100,000 MR Points are worth about 1000$.
140,000 points equal one year maintenence fees at Ko'Olina.
These points CANNOT be used to book a Marriott timeshare.
Regular MR Points can be used for a timeshare, 140,000 for a week if available - most Hawaii resorts are not.
The incentive MR points they give you at purchase CAN be used for a timeshare.
Hotels dates are limited on travel with MR Points.
Some airlines are limited on travel with miles.
Ko'Olina can be rented for $2500-$3000/weak.

You see where I am going here?

I bough Marriott Waiohai resale (saved exactly 65%). Waiohai was offering 85,000 MR points every other use.
I recently bought Marriott Legends Edge from the developer. I did that because it was CHEAP, has very low maintenence fees ($760), gives 100K points EVERY use, was part of the Florida Club, and is within one days drive of my home. There's a bit of a difference you see.


----------



## pspercy (Aug 1, 2007)

Cindala said:


> This return is amazing!  Is there a minimum investment required?

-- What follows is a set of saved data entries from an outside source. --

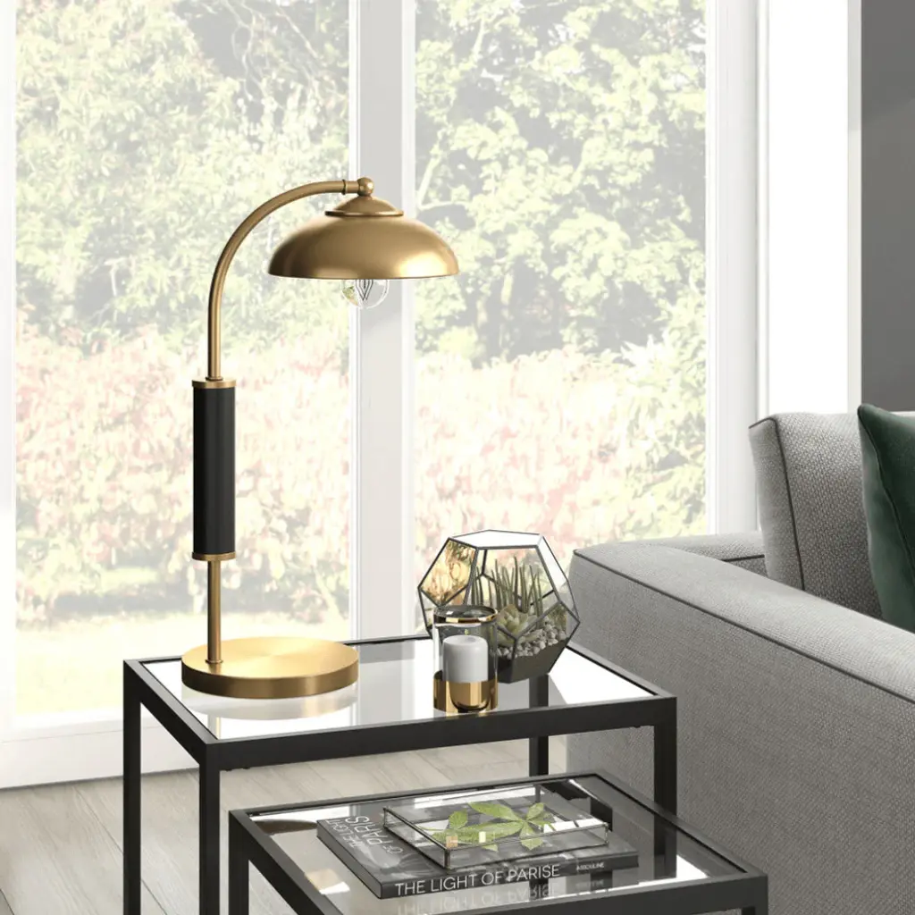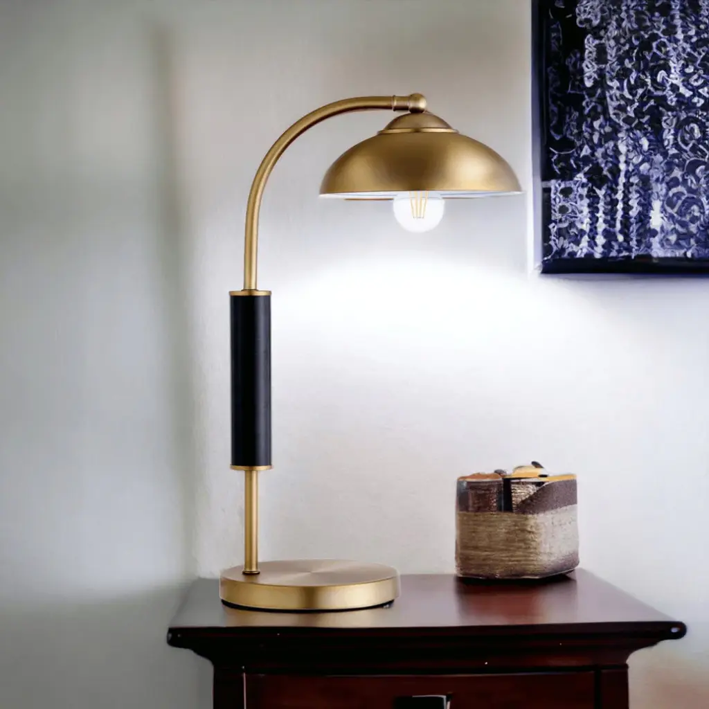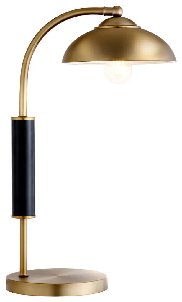 Truly a mix of design and functionality that doesn''t compromise on style, this 24-inch gold and black metal desk table lamp with gold dome shade will be a great addition to your space. A gorgeous gold and black metal base brings just the right amount of pizzazz to this fabulous lamp. Includes a gold metal, dome shaped shade, making this a fashionable piece that will complement most any interior. This desk lamp provides ''task lighting'' that will illuminate your working area for reading or writing. The light that this lamp throws is soft and warm to elevate the look of most any space in your home. It is perfect for virtually any decor. 24-inch H x 15-inch W x 9-inch D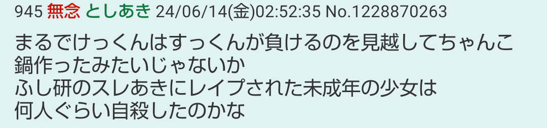 | … | 55無念Nameとしあき24/06/16(日)03:26:43No.1229547530コピペ荒らしだけでも何人もいるからな二次裏 |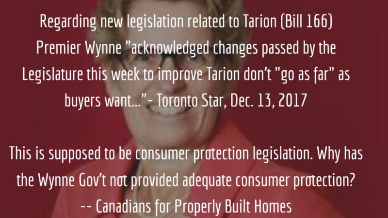 Petition updateEnd Tarion’s new home warranty monopoly NOW: Give Ontarians a choice!Premier Wynne: There's more work to do re new legislation for Tarion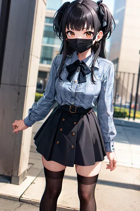 outfit2bbfuyuko, long hair, two side up, hair ribbon, earrings, neck ribbon, collared shirt, plaid shirt, grey shirt, long sleeves, (black skirt:1.3), thighhighs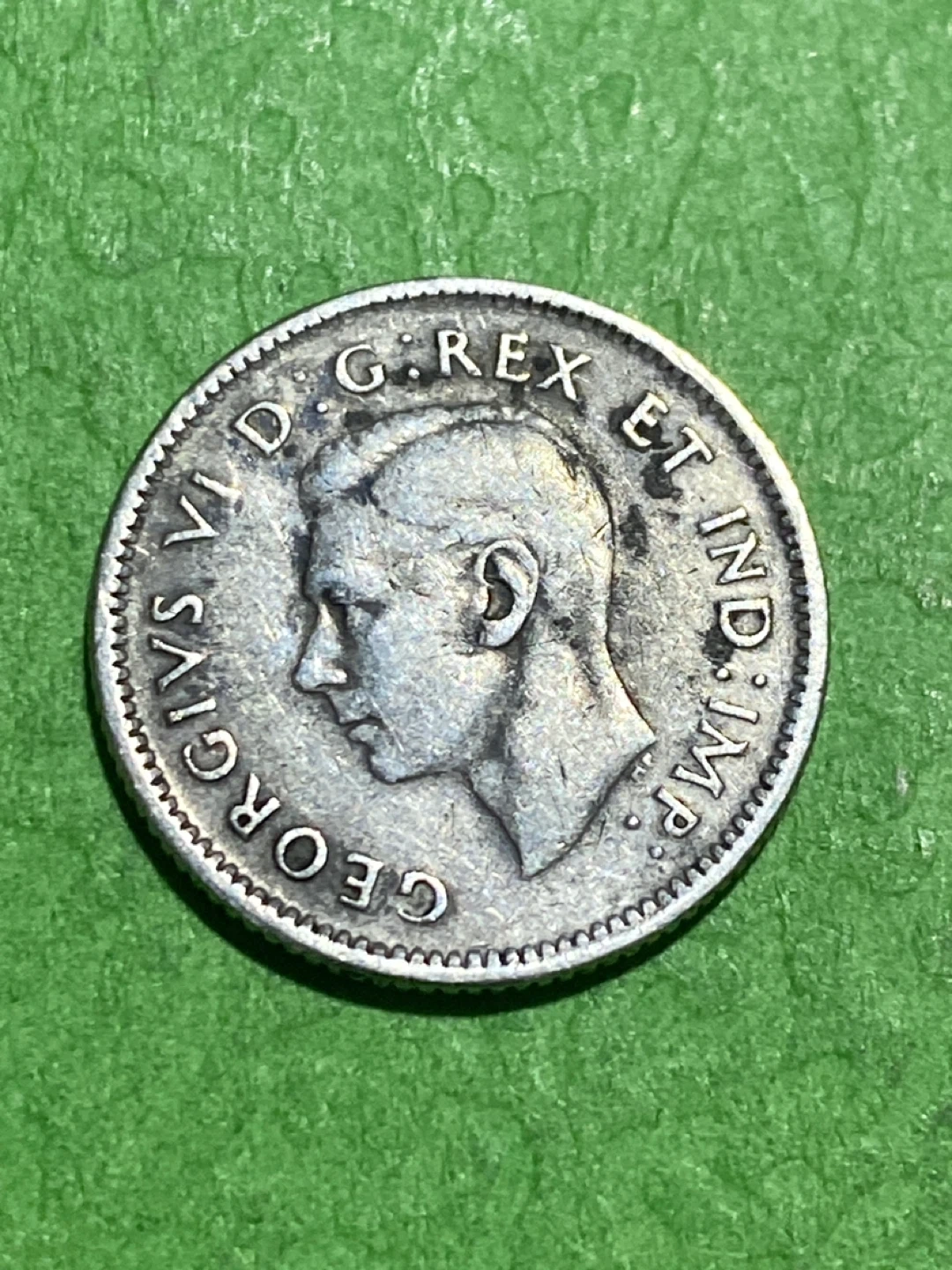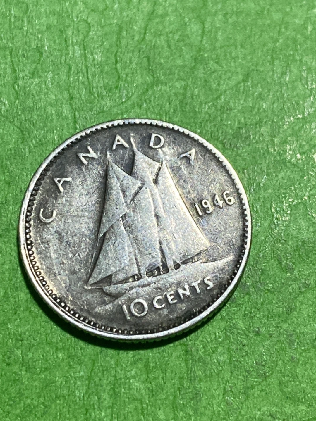 Vintage Canadian dime from 1946, featuring King George VI on the obverse and a schooner on the reverse. This coin is a neat piece of Canadian history. Made of silver.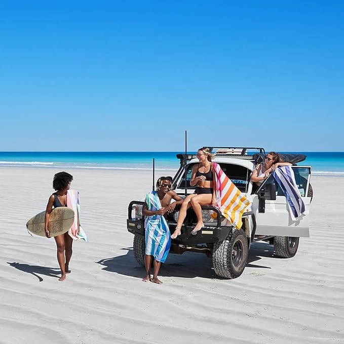 - QUICK DRYING & SUPER ABSORBENT - The fibres will soak up all water and moisture off of you in no time leaving you dry and ready to go. Our beach towel dries 3x faster than standard cotton towels and will keep free of unpleasant damp smells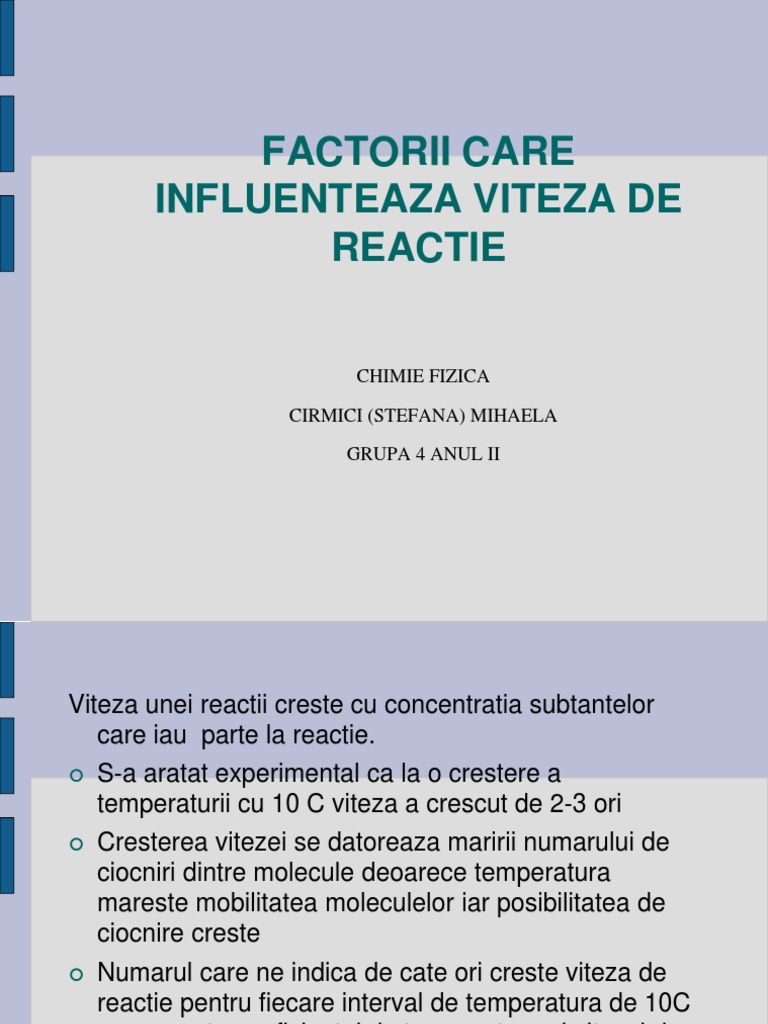 Doc Factorii Care Influenteaza Viteza De Reactie Maria Boian
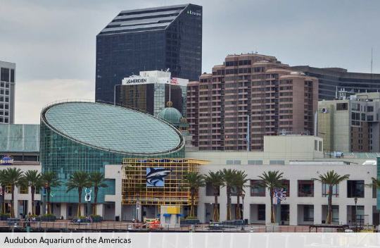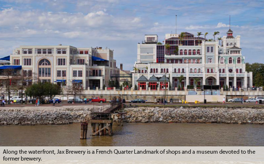 Between the Garden District and the French Quarter a wedge of office buildings make up the Central Business District (CBD) that tapers to a point ending at the Spanish Plaza on the Mississippi River. Surrounded by the Riverwalk Shopping Center, Harrah’s Casino and the Aquarium of the Americas, the Spanish Plaza intersects with three of New Orleans’ most popular neighborhoods: the French Quarter, CBD and the Warehouse/Arts District. A lovely waterfront walk leads from the plaza to Woldenberg Riverfront Park at the edge of the French Quarter where sculptures such as the stark white Monument to the Immigrant, the colorful Holocaust Memorial and the abstract silver Ocean Song speak to the power of public riverside art.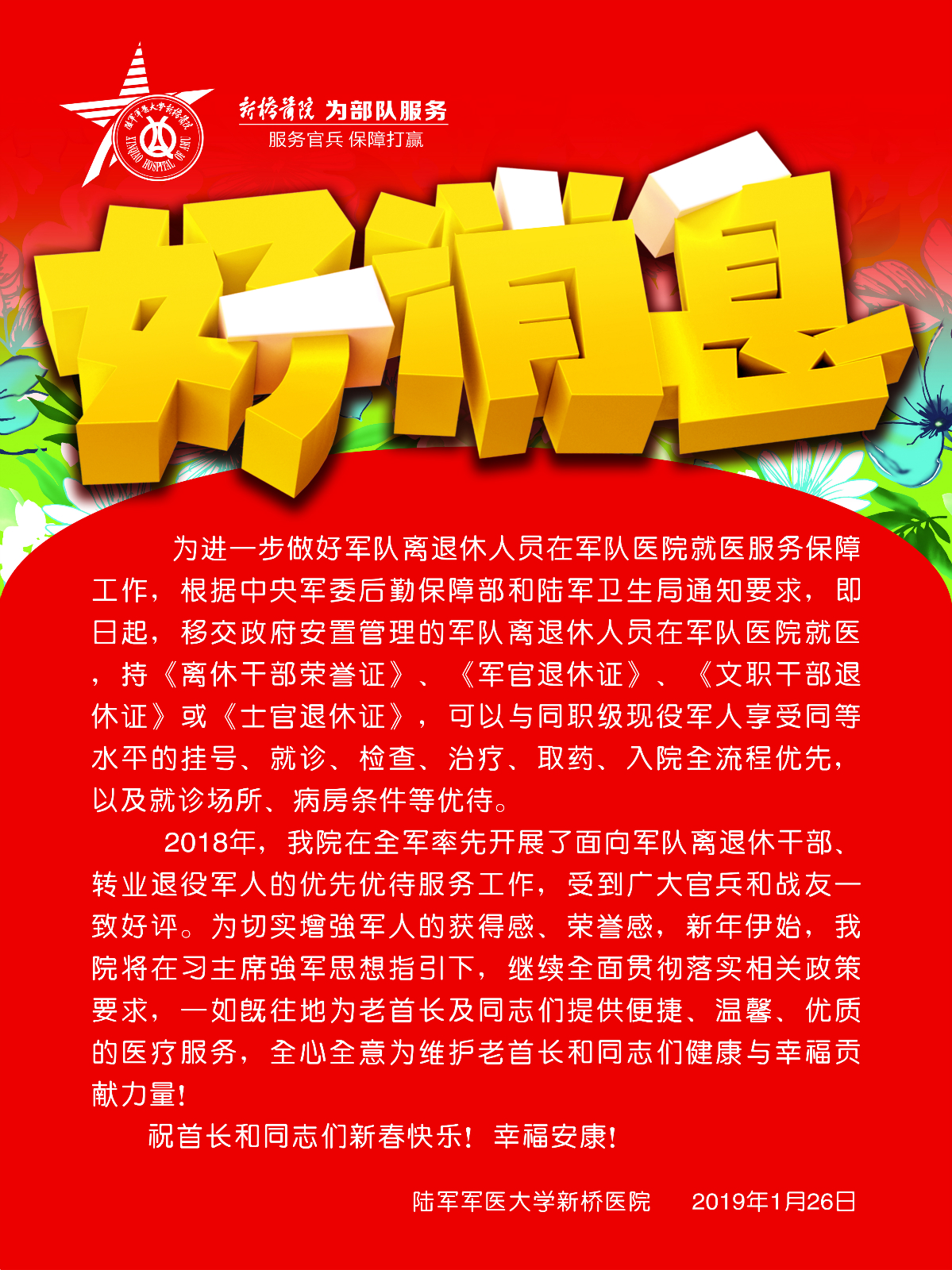 为进一步做好军队离退休人员在军队医院就医服务保障工作,自2019年2月1日起,移交政府安置管理的军队离退休人员在军队医院就医,持《离休干部荣誉证》、《军官退休证》、《文职干部退休证》、《士官退休证》,可以与同职级现役军人享受同等水平的挂号、就诊、检查、治疗、取药、入院全流程优先,以及就诊场所、病房条件等优待。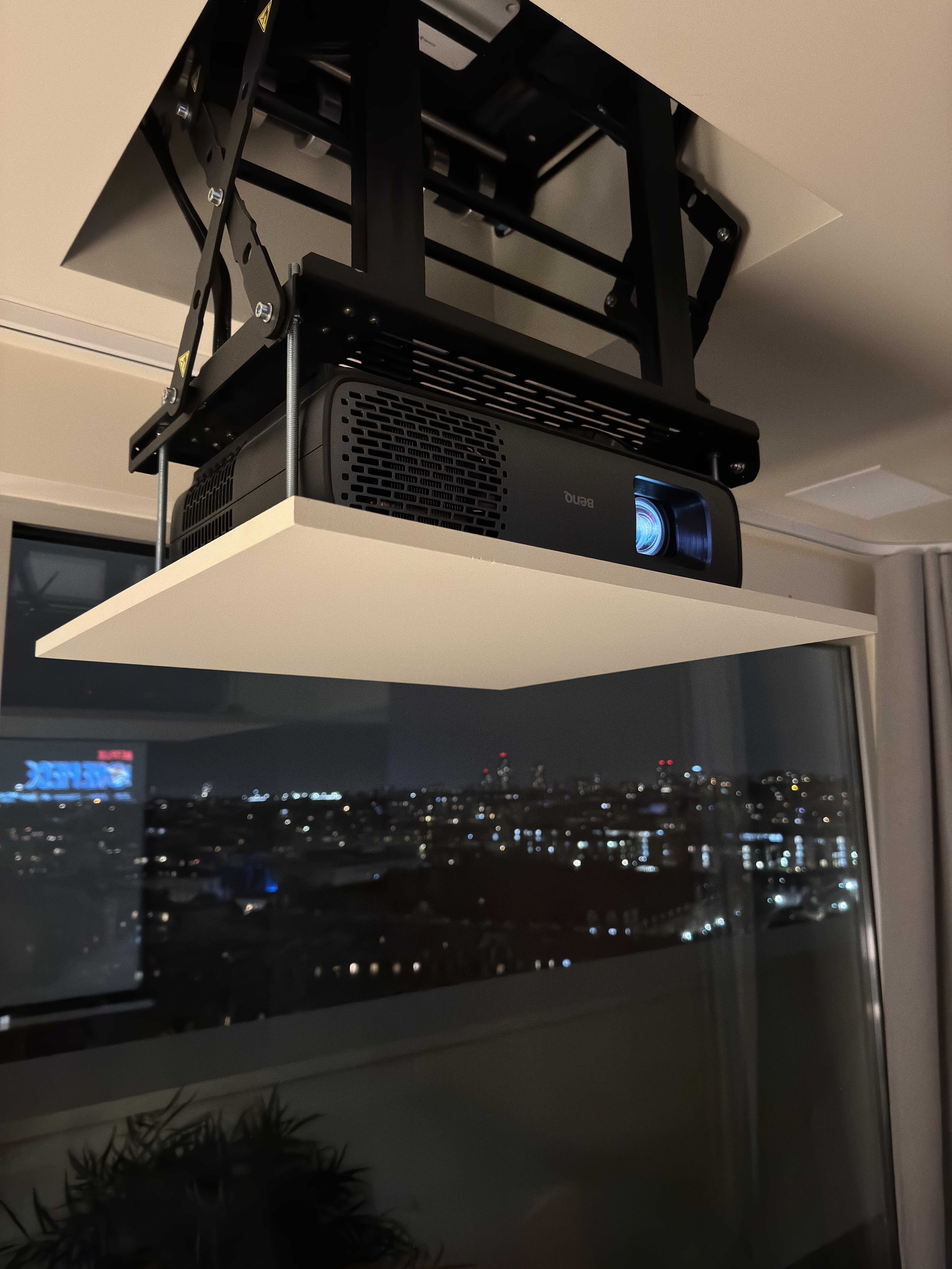 Un lift motorisé pour vidéoprojecteur est un système d’élévation encastré dans le plafond, conçu pour faire descendre et remonter automatiquement le projecteur. Concrètement, le vidéoprojecteur est fixé sur une plateforme intégrée dans un caisson. Ce caisson est lui-même installé dans un faux plafond ou une structure adaptée. À l’activation (via télécommande, interrupteur ou système domotique), le mécanisme motorisé descend en douceur jusqu’à la position de projection idéale. Une fois la séance terminée, le lift remonte et disparaît complètement, laissant un plafond parfaitement épuré.
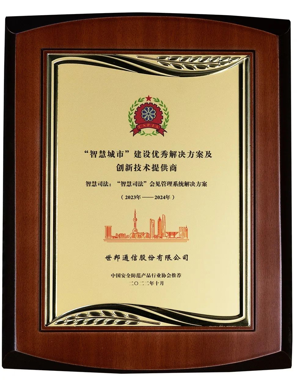 新年喜氣洋洋,世邦通信憑借“智慧交通”鳴笛抓拍技術及解決方案和“智慧司法”會見管理系統(tǒng)解決方案被中國安全防范產(chǎn)品行業(yè)協(xié)會評為“智慧城市”建設優(yōu)秀解決方案及創(chuàng)新技術提供商。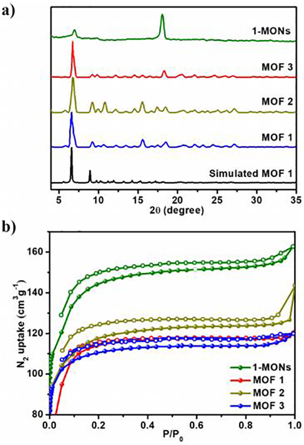 (a)三个MOFs和1-MONs的PXRD图谱;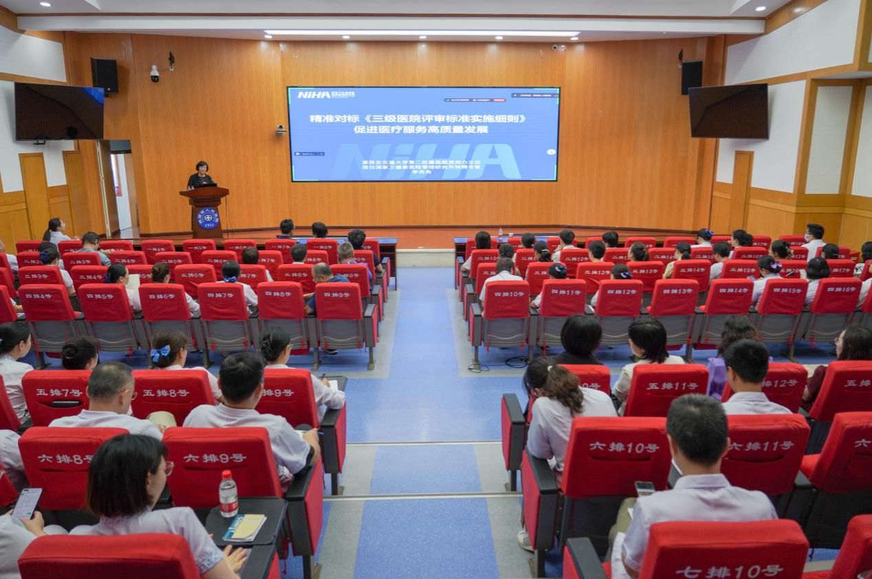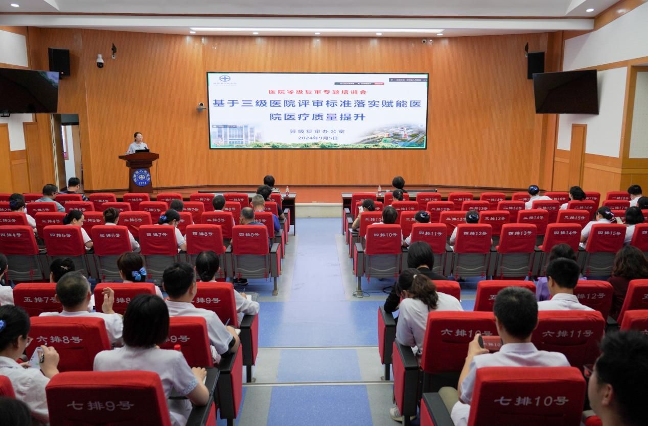 为准确理解等级评审标准实施细则,深入落实“质量、安全、服务、管理、绩效”的评审主题,进一步加强科室医疗质量安全管理,9月5日下午,等级复审办公室邀请国家医院管理研究所特聘专家来院做《基于三级医院评审标准落实赋能医院医疗质量提升》的专题讲座。全院临床医技科室主任、业务副主任、护士长、业务副护士长以及医务处、护理部、门急诊与医技管理处、大数据中心等职能部门工作人员共计200余人参加培训会。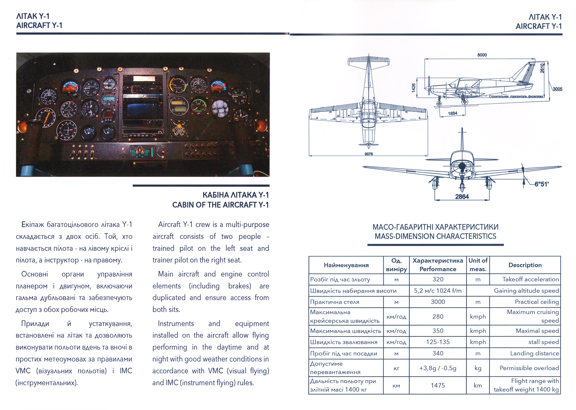 Легкий багатоцільовий літак типу Y1 є одномоторний класичний вільнонесучий суцільнометалевий моноплан з низькорозташованим крилом, горизонтальним і вертикальним оперенням, розташованим в хвостовій частині фюзеляжу, і трьохстійкове шасі, що забирається з керованою носовою стійкою.

It's an ETF - Exchange Traded Fund, a mutual fund style investment that trades like a stock, in this case it mimics the Dow Jones Industrial Average (an index). So you can open an IRA and buy it, or buy in a regular brokerage account etc. It's a whole world and off topic here so I'll just say read Scott Burns' "Couch potato investing" http://assetbuilder.com/tags/Couch+Potato+Investing/default.aspx

Or Paul Farrell's articles on Marketwatch's Personal Finance: http://tinyurl.com/2e3cvs

Good luck


----------



## PerryM (Aug 1, 2007)

*How to make a small fortune...*



Cindala said:


> This return is amazing!  Is there a minimum investment required?



I trade stocks for a living - folks always ask me how to make a small fortune in the stock market.

It's very easy - start with a large fortune.  (I don't take credit for this pun that's been around for a long time)

I am aware of NO other investment vehicle that averages 13% return for 73 years - none, zip, zilch.  This is the DJIA. Buy it via the stock DIA and you control your own future - just never sell it until you retire.

The Roth IRA is the best thing going - you put in money each year from your paycheck and that money cooks at 13% (on the average) and when you retire at age 50 or 55 (why wait for 65?) You pull the money out and don't pay a single penny to the politicians in Washington.

That's all you need for your retirement.  DIA and Roth.

If you are 20 years old you need something with at least a 40 year track record - besides the DJIA there might be a few.  Ask for a 70 year track record and there is nothing left - you only have the one choice - the DJIA.



The other thing folks seem to forget is long term health insurance - We bought a 10 year policy in 2000 and 3 more years we stop paying and if we need the long term care it pays about $300 per day for both my wife and I (Grows at 5% per year).  At the end of the 10 year policy we pay not a single penny more.  This is a great insurance policy that I'd encourage everyone to get - there are many out there.

P.S.
This very second the DIA is $131.74 a share and you can buy a single share if you want.  The DJIA is 13,173.40 just take the DJIA and divide by 100 to get the DIA price at any time.


----------



## gmarine (Aug 1, 2007)

Cindala said:


> This return is amazing!  Is there a minimum investment required?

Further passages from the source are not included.